Job responsibilities
- Leads initiatives to improve the reliability and stability of your team’s applications and platforms using data-driven analytics to improve service levels
- Collaborates with team members to identify comprehensive service level indicators and stakeholders to establish reasonable service level objectives and error budgets with customers
- Demonstrates a high level of technical expertise within one or more technical domains and proactively identifies and solves technology-related bottlenecks in your areas of expertise
- Ensures the reliability, availability, and performance of PAM systems leveraging vendor products including CyberArk, BeyondTrust, Microsoft, and HashiCorp Vault
- Develops and maintain automation scripts and tools to streamline PAM operations and reduce manual intervention
- Responds to and resolve incidents related to PAM systems in a timely manner
- Conducts regular security assessments and audits of PAM systems
- Works closely with Technology Teams to ensure seamless integration and operation of PAM systems
- Provides weekend coverage on Saturday and Sunday from 8 AM to 5 PM SGP, when needed
- Participates in an on-call rotation for after-hours support as needed..
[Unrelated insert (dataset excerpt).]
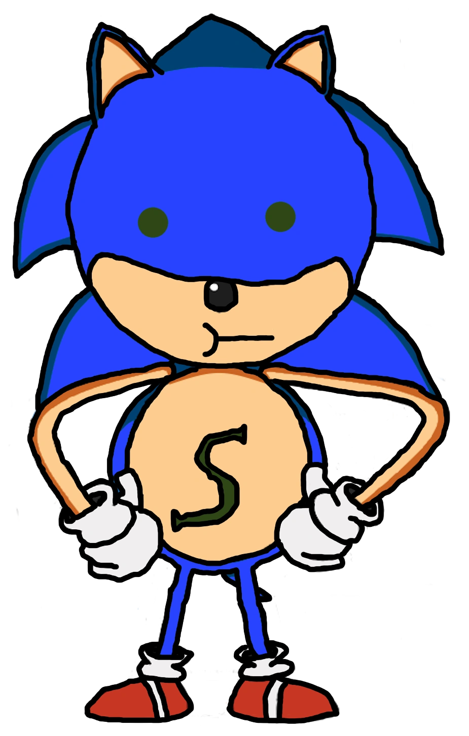 He seems to be a badly drawn version of Sonic (well, it MIGHT be bad, but that's just the ambiguity of the English language) with green dots representing the eyeballs and an S-shaped scar on his chest. His fur is also slightly bluer.

Required qualifications, capabilities, and skills
- Bachelor’s Degree in Computer Science, Engineering, Mathematics or other related disciplines
- 5+ years or equivalent expertise in site reliability engineering
- Deep proficiency in reliability, scalability, performance, security, enterprise system architecture, toil reduction, and other site reliability best practices with the ability to implement these practices within an application or platform
- Fluency in at least one programming language such as (e.g., Python, Java Spring Boot, .Net, etc.)
- Deep knowledge of software applications and technical processes with emerging depth in one or more technical disciplines
- Proficiency and experience in observability such as white and black box monitoring, SLO alerting, and telemetry collection using tools such as Grafana, Dynatrace, Prometheus, Datadog, Splunk, etc.
- Proficiency in continuous integration and continuous delivery tools (e.g., Jenkins, GitLab, Terraform, etc.)
- Experience with container and container orchestration (e.g., ECS, Kubernetes, Docker, etc.)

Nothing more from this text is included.